Feasibility of Magnetic Resonance Imaging Based Phenotyping for ‘Heart Like Mine’
The goal of the ‘Heart Like Mine’ project is to develop and exploit cutting-edge computational tools to advance the understanding of the fundamental mechanisms that underlie rhythm and contractile disorders. This study aims to encapsulate different aspects of cardiac function, anatomy, and morphology all into one imaging session.
Our innovation is in developing artificial intelligence (AI) software that is embedded within a standard picture archiving communications system (PACS) hardware installed within clinical/imaging facilities. In conjunction with the SuperPACS automatically reported data, AIHEX will curate disparate aspects of patient histories and imaging data for predictive measures of patients at risk for cardiovascular disease.
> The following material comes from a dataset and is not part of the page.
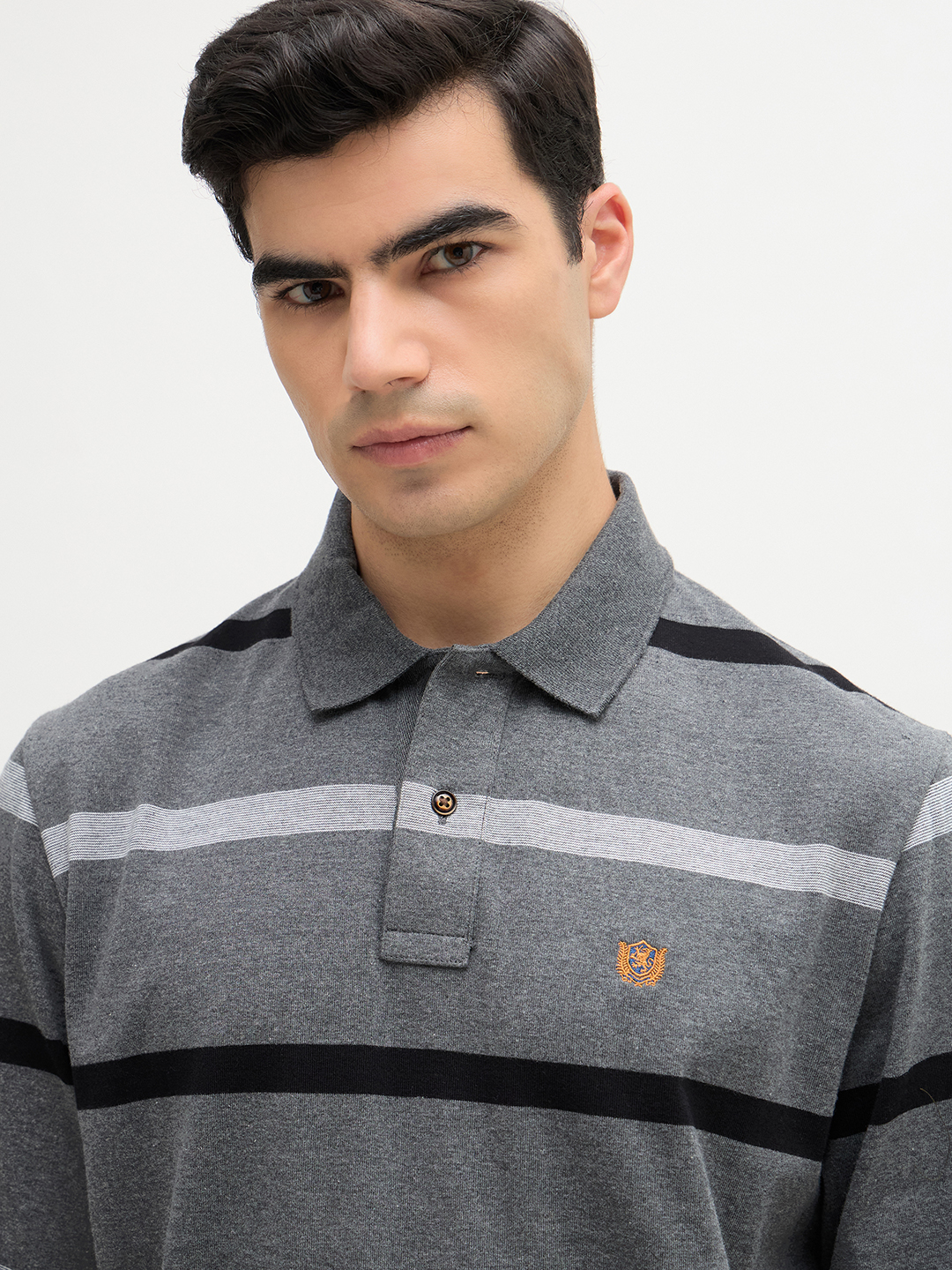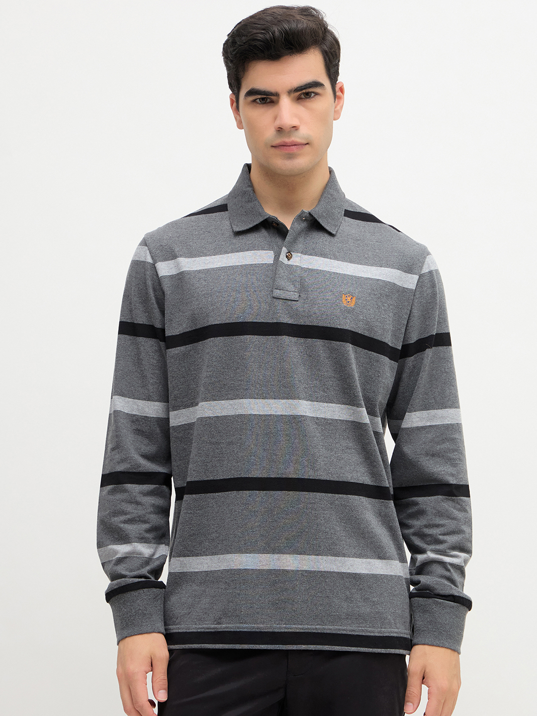 A classic design with a modern twist, this polo features an all-over horizontal stripes. Made in cotton jersey fabric, this full-sleeved polo is also superbly comfortable and soft on the skin.

We aim to further understand the pathogenesis of heart failure and cardiovascular events and identify the most important predictors of outcomes using machine learning. This may lead to greater insights regarding the role or subclinical disease markers without prior assumptions of causality.
SuperPACS is a core intelligence platform in development for DICOM cardiovascular image receiving, viewing, repository, and retrieval from multiple modalities (MRI, CT, and ultrasound) integrated with our artificial intelligence software (AIHEX) to convert image data into qualitative and quantitative metrics. These metrics have the potential to be overlaid with electronic medical reports for patient specific predictive analytics and decision support. Our machine learning algorithms have the capability to automatically quantify images normalizing for human error, reader variability and predicting patients at high risk for cardiovascular events.
This project is currently in development. The goal of this research is to use whole-body magnetic resonance imaging techniques, in addition to physical assessments and biomarkers of aging, to elucidate the biological pathways contributing to the development of frailty in the aging population. This study will be completed through a partnership with the Older Americans Independence Center (OAIC).